Pour l’UNSA, prétexter une conjoncture économique soi-disant plus favorable, ce qui reste à confirmer, et que des offres d’emploi ne sont pas pourvues, pour réduire les droits des demandeurs d’emploi, est un raccourci trop simpliste et inquiétant pour les actifs et ne justifie en rien le durcissement des règles d’indemnisation.

Concernant la mise en place d’un bonus-malus, engagement fort du Président Macron, l’UNSA déplore que seuls 7 secteurs soient concernés alors que l’abus des contrats courts impacte davantage d’entreprises.

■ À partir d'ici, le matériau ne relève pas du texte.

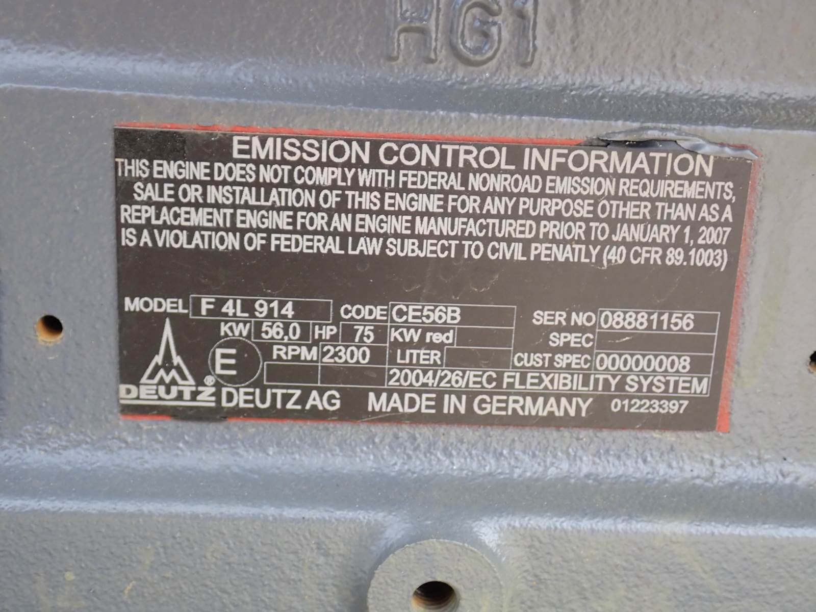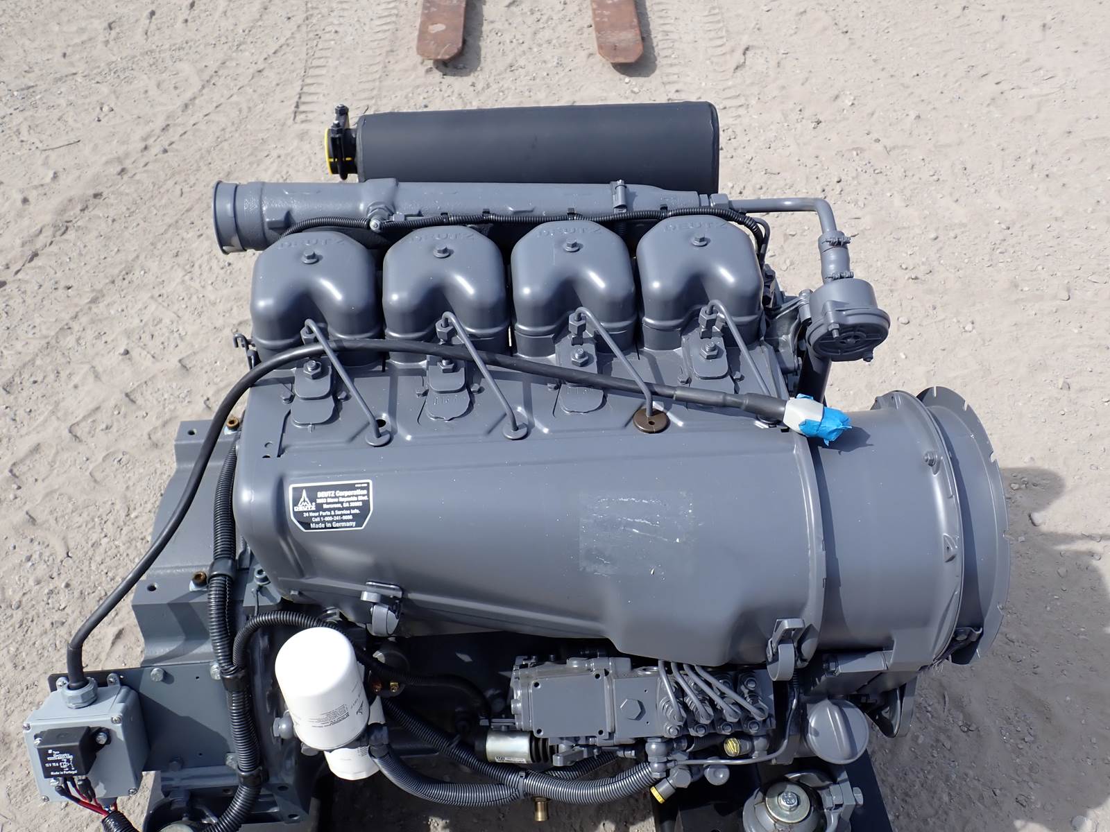 Deutz F4L914 diesel engine, 4 cylinder, air cooled, 75 HP at 2300 RPM rating, naturally aspirated, complete power unit w/ accessories as pictured, PRE EMISSIONS, UNUSED FACTORY SURPLUS -- NOT A REMAN !! Engine comes complete as pictured on mounting skid w/ panel & accessories, WILL REPLACE F4L912 AND F4L913 SERIES AS WELL AS OTHER ENGINES -- ONLY ONE AVAILABLE -- DON'T MISS IT !!

De plus, le taux de cotisation maximale de 5% de la masse salariale annoncé pour le malus et la contribution forfaitaire de 10 euros pour les CDD d’usage ne devraient avoir que peu d’impact sur le comportement des employeurs.

Pour l’UNSA, ces mesures ne sont pas à la hauteur des enjeux….

En outre, la stigmatisation par le gouvernement des demandeurs d’emploi qui enchaînent des contrats courts et en « tireraient profits » dédouane encore la responsabilité des entreprises qui en font un mode de gestion financière au détriment des comptes de l’UNEDIC.

- La mesure de dégressivité de l’indemnisation pour les revenus supérieurs à 4500 euros bruts, qui pour l’UNSA n’est qu’une mesure d’ajustement budgétaire, peut marquer la première étape d’une remise en cause du caractère assurantiel et universel de notre système.

Quant à la promesse d’accompagnement renforcée des demandeurs d’emploi, l’UNSA attend des engagements de moyens et de ressources précis. A cet égard, le recours à des opérateurs spécialisés devra être encadré avec les mêmes exigences de résultats que Pôle emploi.